Learn to hold the flat cutter correctly - and gardening life will become much easier and more enjoyable. Just don’t assume that this study is a trifle. Ah, they say, later. It happens that “later” does not happen. I know what I'm talking about. My sister Over the course of a couple of decades, he was never able to wean Nina off the hoe (her hands were used to hoeing).

Another temptation for inventors. They tend to PULL THE BLANKET ON THEMSELVES: to believe that it is their discovery that the garden owes certain successes. But how often is this self-deception that pleases the soul? Unfortunately, it's a ridiculous practice. go from the result and ahead of time APPOINT your find as the reason for success unusually widespread. You could say it dominates. Supporters of this practice even formulated a credo in their own name: “I see that This it works, but I’m not interested in why.” Meanwhile, due to the lack of interest in the springs of influence on the result, many finds turned out to be dummies over time, and the inventor’s thrill through for a short time turned into disappointment.
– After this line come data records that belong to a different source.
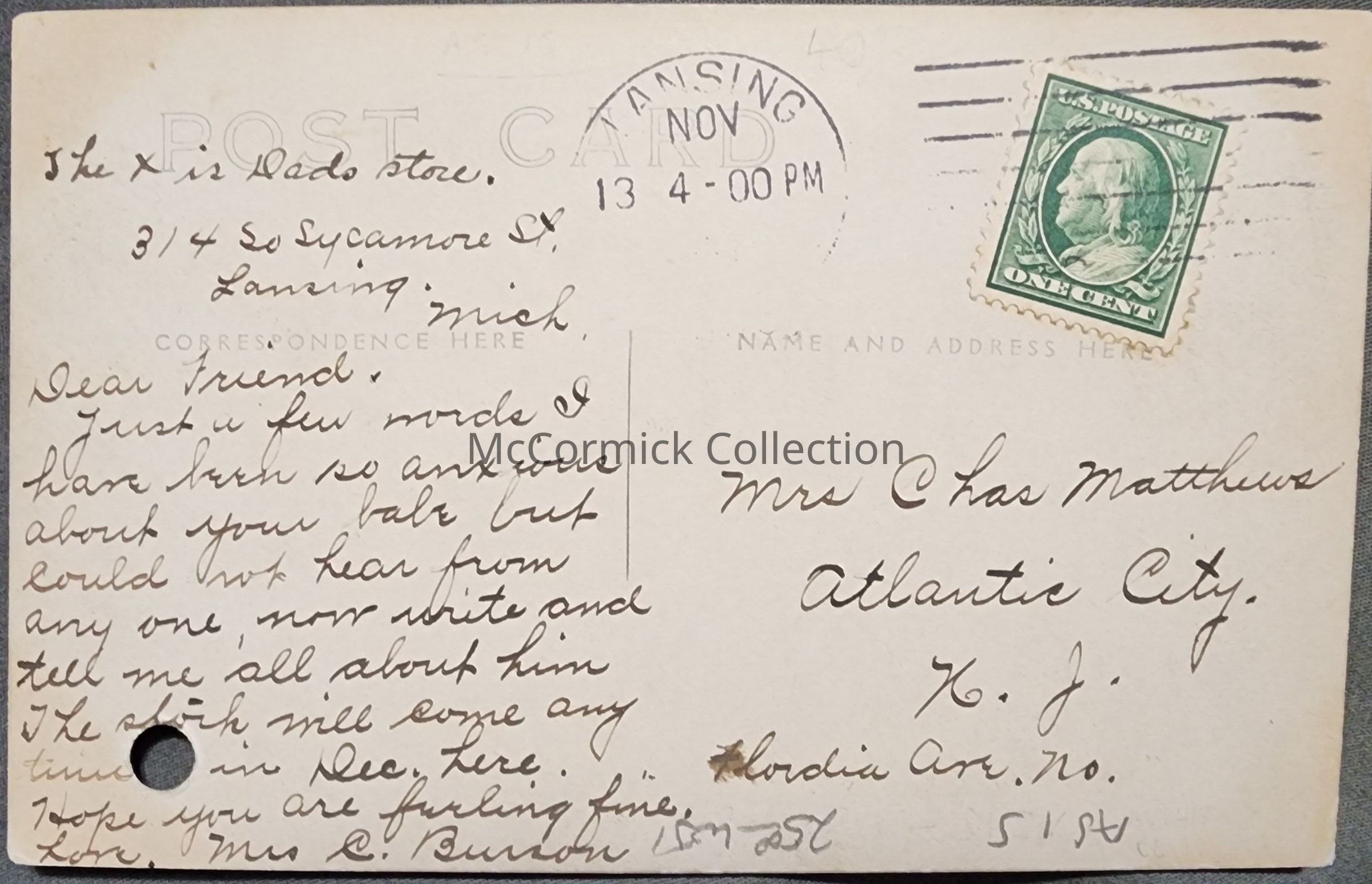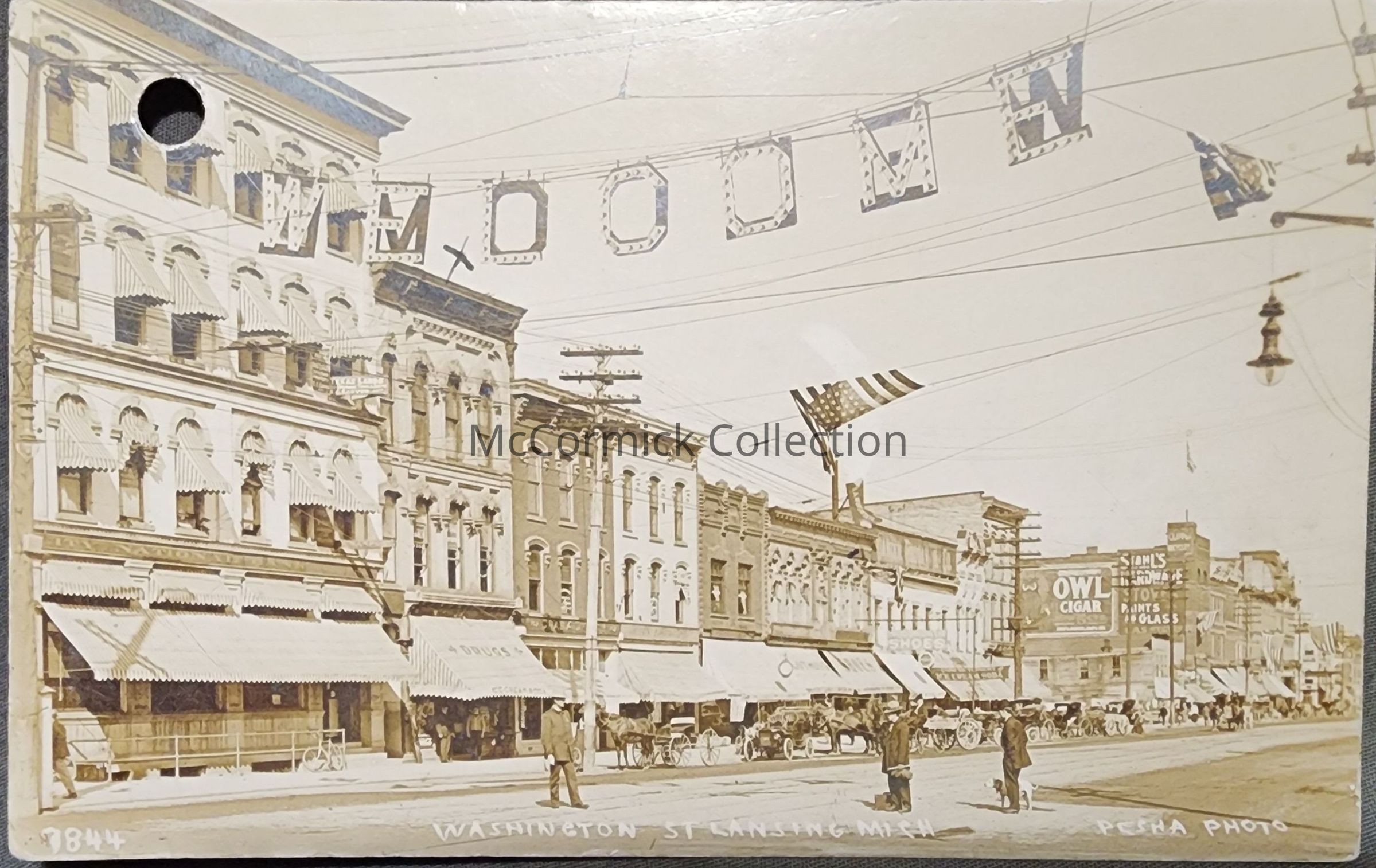 Real photo postcard of Washington Avenue in Lansing, showing a business district and the Welcome sign across the road. Photo by noted Michigan photographer Louis Pesha.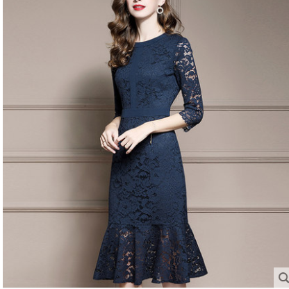 颜色分类: 蓝色袖型: 其他 组合形式: 单件 货号: M21S13941 裙型: A字裙 年份季节: 2021年春季 袖长: 七分袖 裙长: 中长裙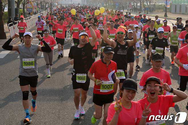 (경주=뉴스1) 최창호 기자 = 1일 경북 경주시 보문단지 일원에서 열린 제30회 경주벚꽃마라톤 대회에 참가한 선수들이 즐거운 보내고 있다. 이번 대회는 약 1만2000여 명이 참가해 하프, 10km, 5km부문에서 열렸다.2023.4.1/뉴스1

The life of a vegetable garden is controlled by a DYNAMIC ALLOY (!) of a huge number of factors. They are basically inseparable, and it takes reckless recklessness (or irresponsibility?) to simply APPOINT (name out of thin air) a decisive success factor.



G.A. Kizima

Generous vegetable garden, productive garden, bright flower garden: the most complete answers to the most important questions

The book includes answers to questions from radio listeners, readers and students of my courses for amateur gardeners. So this is a joint effort of many, many people, and I sincerely express my gratitude to everyone, because without questions there would be no answers.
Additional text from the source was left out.